‘성인게임’┴㎔ “Kva2016。ｃoｍ ”㎰≠황금성3 게임 주소＋ 모바일 상어사이트 주소●동경야마토 ↓봉봉게임 릴게임 주소 ㎒ 모바일 신 야마토다운 로드∞ 온라인 바다 이야기게임 사이트 ™인터넷 모바제팬 게임다운로드 ╅ 오사카 빠찡코 Comic Strips
90 Results for ‘성인게임’┴㎔ “Kva2016。ｃoｍ ”㎰≠황금성3 게임 주소＋ 모바일 상어사이트 주소●동경야마토 ↓봉봉게임 릴게임 주소 ㎒ 모바일 신 야마토다운 로드∞ 온라인 바다 이야기게임 사이트 ™인터넷 모바제팬 게임다운로드 ╅ 오사카 빠찡코
View 1 - 10 results for ‘성인게임’┴㎔ “kva2016。ｃoｍ ”㎰≠황금성3 게임 주소＋ 모바일 상어사이트 주소●동경야마토 ↓봉봉게임 릴게임 주소 ㎒ 모바일 신 야마토다운 로드∞ 온라인 바다 이야기게임 사이트 ™인터넷 모바제팬 게임다운로드 ╅ 오사카 빠찡코 comic strips. Discover the best " ‘성인게임’┴㎔ “Kva2016。ｃoｍ ”㎰≠황금성3 게임 주소＋ 모바일 상어사이트 주소●동경야마토 ↓봉봉게임 릴게임 주소 ㎒ 모바일 신 야마토다운 로드∞ 온라인 바다 이야기게임 사이트 ™인터넷 모바제팬 게임다운로드 ╅ 오사카 빠찡코" comics from Dilbert.com.
Share July 10, 2000's comic on:
The Boss says to Dilbert, "Write a performance evaluation for yourself." The Boss continues, "Shoot for about 3% raise...because that's what you're getting." Dilbert's computer states, "Dilbert's inventions will earn a billion dollars. But we think he steals almost as much."
Share August 01, 2007's comic on:
The Boss: Wally, I bought Dogbert's Management Software to yell at you so I don't have to." "I recommend Track 3, titled 'You're my least valuable asset'." Dogbert: Who wants to buy Dogbert's noise cancellation headphones for bad employees?" "I need you less than my mousepad."
Share August 30, 2011's comic on:
Man: Your email was ignorant and arrogant. Dilbert: How do you know it isn't just a reading comprehension problem on your end? Let's use logic to see which one of us is right. Bad decision 2. Bad decision 3.
Share February 02, 2012's comic on:
Boss: You're just now getting here? Wally: It's zero degrees and the roads are all ice. I drank six cups of coffee before leaving the house and sat in traffic for two hours. Boss: You're three hours late. Wally: I spent the last hour stuck to a guardrail.

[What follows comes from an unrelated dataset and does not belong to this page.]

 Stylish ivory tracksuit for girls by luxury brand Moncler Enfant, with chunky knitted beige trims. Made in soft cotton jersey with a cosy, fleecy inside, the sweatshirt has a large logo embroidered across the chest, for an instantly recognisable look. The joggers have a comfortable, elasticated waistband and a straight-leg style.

Share March 31, 2012's comic on:
Dilbert: I spent four months creating this app, mom. I think I can sell a million of them for $3.99. Mom: I saw seven apps just like this in the app store and five of them were free. Dilbert: Thanks for the feedback, dream-killer. Mom: Have you ever thought of just using your first name, like Madonna?

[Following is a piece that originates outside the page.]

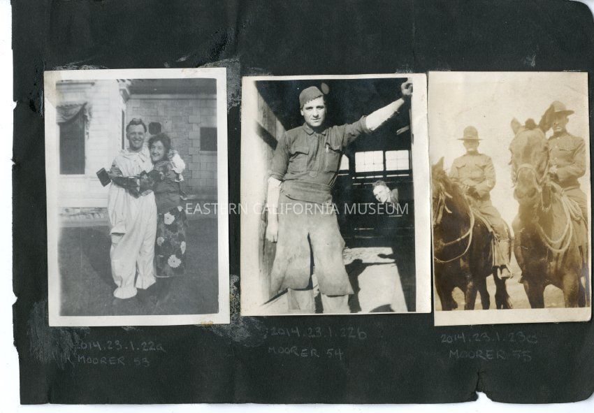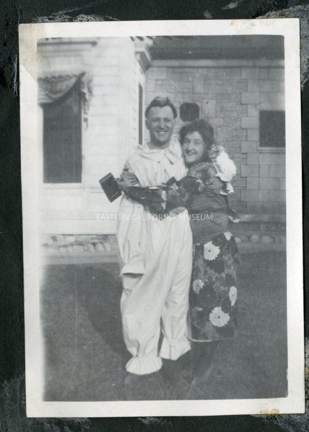 A young couple dressed up in costumes embracing in front of a building (the courthouse and jail or vault?). Man on the left (Fred Moore?) dressed as a clown. Woman on right might be dressed as a gypsy--her skirt has a pattern of large flowers.Collection

Share February 19, 1990's comic on:
Dilbert says into the telephone, "Hello, is this the library reference desk?" A voice answers, "Yes." Dilbert asks, "What's the average running speed of the Tazmanian Boola-Boola dog?" The librarian replies, "8.3 miles per hour." Dilbert looks at the phone and says, "I can't believe she knew that." The librarian says, "And you have something stuck in your teeth."
Share July 21, 2012's comic on:
In the near future Wally: I was manipulating a 3-D network model using my hand motion sensors. It was all good until I sneezed and accidentally merged my network design with my outlook calendar. Boss: When will you have that fixed? Wally: I should be done by... the 15th of Cisco.

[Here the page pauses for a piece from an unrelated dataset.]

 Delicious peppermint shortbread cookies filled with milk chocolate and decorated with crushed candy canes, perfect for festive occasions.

Share July 28, 1992's comic on:
Dogbert hands Bob the Dinosaur a publication and says, "Bob, here's a copy of my new newsletter for clueless people." Bob reads, "Dogbert's Clues for the Clueless: 1. Professional wrestling is all faked. 2. Nobody ever lost weight on a home exercise device." Bob looks upset as he continues to read, "3. Looks are more important to happiness than brains. 4. If people don't comment on you new hairdo, they hate it." Dogbert says, "It's not healthy to read them all at once, Bob."